Books

Echoes of Eden (Jerram Barrs, 2013)

Echoes of Eden
A few days ago when the staff of Ransom met for prayer, the liturgy in Common Prayer included a line that caught my attention. “Come now and join the feast,” we read aloud, “right here in the belly of the beast.” My imagination drifted to images of exiles in a dark land, their path wandering through desolate wastes, always on the alert for danger or attack. What if they paused along the way to celebrate the sovereignty, majesty, and goodness of their king—the rightful king—with a feast, complete with dancing, music and lovely tales related by storytellers who repeat the ancient stories with conviction?
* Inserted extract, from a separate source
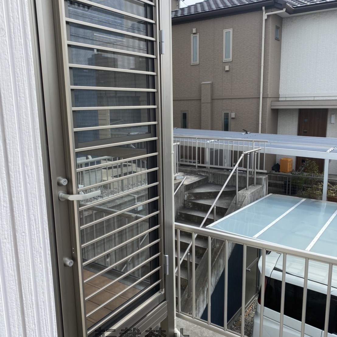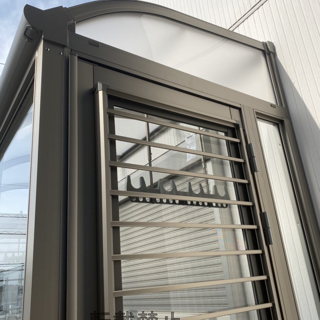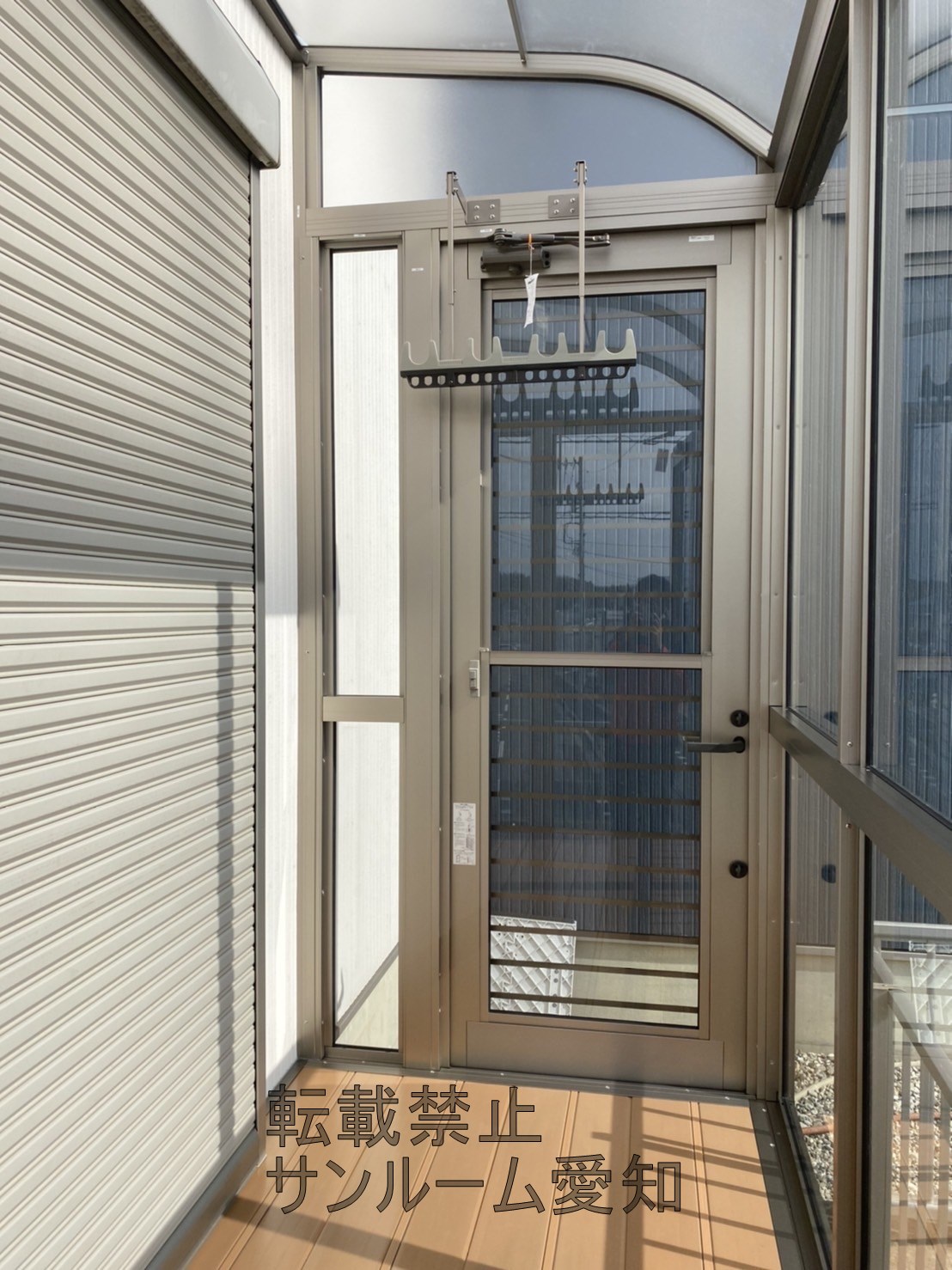 三協アルミのサンルーム、晴れもようwithの施工例です!ハイタイプがあるためこちらの商品を採用しています。前面は落下防止のため、開かないFIX窓仕様にしています。換気できるように両側面は換気機能付きのドア、彩風ドアを採用しています。網戸もついています。

It’s hard to imagine a more subversive act.

This is essentially what Jerram Barrs calls the people of God to in Echoes of Eden. He wants us to be fully aware of the brokenness of the world, while never failing to fully enjoy the hints of the glory of God found in the works of imagination, art and culture made by women and men who bear the image of God. He wants us to know that to be dismissive of literature and art is to be dismissive of grace.

In the first half of Echoes, Barrs provides a careful biblical framework for understanding the significance of art and culture, and for embracing it with Christian faithfulness. In the second he devotes chapters to authors he has read, relished and lectured on: C. S. Lewis, J. R. R. Tolkien, J. K. Rowling, William Shakespeare, and Jane Austin. His careful explanation of how human culture—specifically literature and the arts—fits into a Christian worldview is much needed at a time when the church is widely viewed as anti-culture. The chapter in which he identifies eleven categories by which to judge a work of art is a wise corrective to the defensiveness that keeps many believers from embracing beauty in a fallen world.

“Thinking scripturally about the arts,” Barrs says in the opening line of the book, “is an area where there appears to be great confusion in our churches.” He is correct. I hope Echoes of Eden is read and discussed widely. The truth of its message can help nurture a Christian imagination, restore the arts to their proper place in the church, and help us frame the unchanging gospel in a way that will cause a postmodern world to consider its claims.

Source

Echoes of Eden: Reflections on Christianity, Literature, and the Arts by Jerram Barrs (Wheaton, IL: Cross way; 2013) 192 pages + appendix + indices.